A base 32 encoding for binary strings

Downloads

6

Readme

base32-key - A base 32 encoding for binary strings

Actions Status GitHub license GitHub release GitHub tag

NPM

Usage

Install

npm install base32-key

# or

yarn add base32-key

Example (es module)

import { fromHexString, toHexString } from 'base32-key';
console.log(fromHexString('c0ffee'));
// => '222ET-3ZZGN'
console.log(toHexString('222ET-3ZZGN'));
// => 'c0ffee'

Example (commonjs)

var fromHexString = require('base32-key').fromHexString;
var toHexString = require('base32-key').toHexString;
console.log(fromHexString('c0ffee'));
// => '222ET-3ZZGN'
console.log(toHexString('222ET-3ZZGN'));
// => 'c0ffee'

A base 32 encoding for binary strings

This document describes a human-readable base 32 encoding for binary strings. It is intended to be used for e.g. product keys, which may be printed on paper and entered using a keyboard. As such, it is important that codes are easy to read, easy to type, and that errors can be detected.

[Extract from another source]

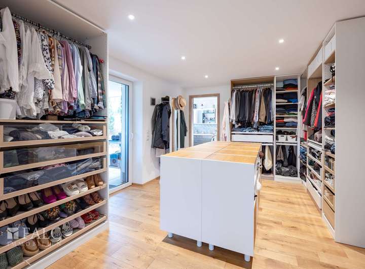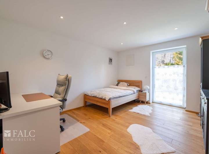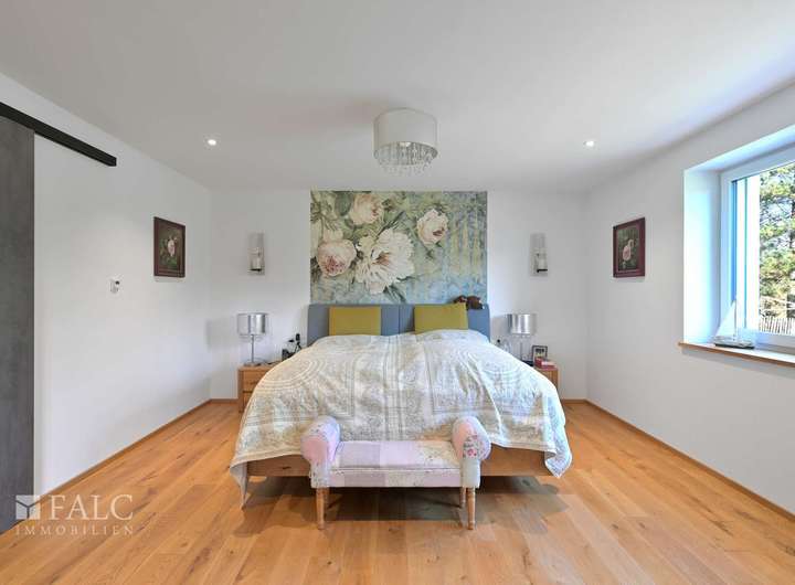 Fünf flexibel nutzbare Zimmer eröffnen vielfältige Gestaltungsmöglichkeiten – ob stilvolles Elternschlafzimmer mit eigenem überdachtem Terrassenzugang, ruhiges Homeoffice oder dem einzigartigen wärmeisolierten Wintergarten. Vor allem das Hauptschlafzimmer beeindruckt durch seine Großzügigkeit und den herrlichen Ausblick in den Garten – ein täglicher Luxus und Genuss, den man nicht mehr missen möchte.

The encoding described here has some similarities with the Base32 encoding proposed by Douglas Crockford, which has similar goals, but differs in many of the details.

Overview of the encoding

The encoding algorithm works as follows.

  1. A binary string is split into 20 bit groups, left-padding with 0s if necessary.
  2. Each group is converted to four base 32 digits (using 5 bits per digit).
  3. For each group, we calculate a check digit using a 5-bit CRC.
  4. Each base 32 digit is encoded using the following 32 character alphabet:"23456789ABCDEFGHJKLMNPQRSTUVWXYZ". (Alternatively, the lowercase alphabet "abcdefghijkmnpqrstuvwxyz23456789" may be used.)
  5. Groups are joined with hyphens (-).

Calculation of check digits is described further below.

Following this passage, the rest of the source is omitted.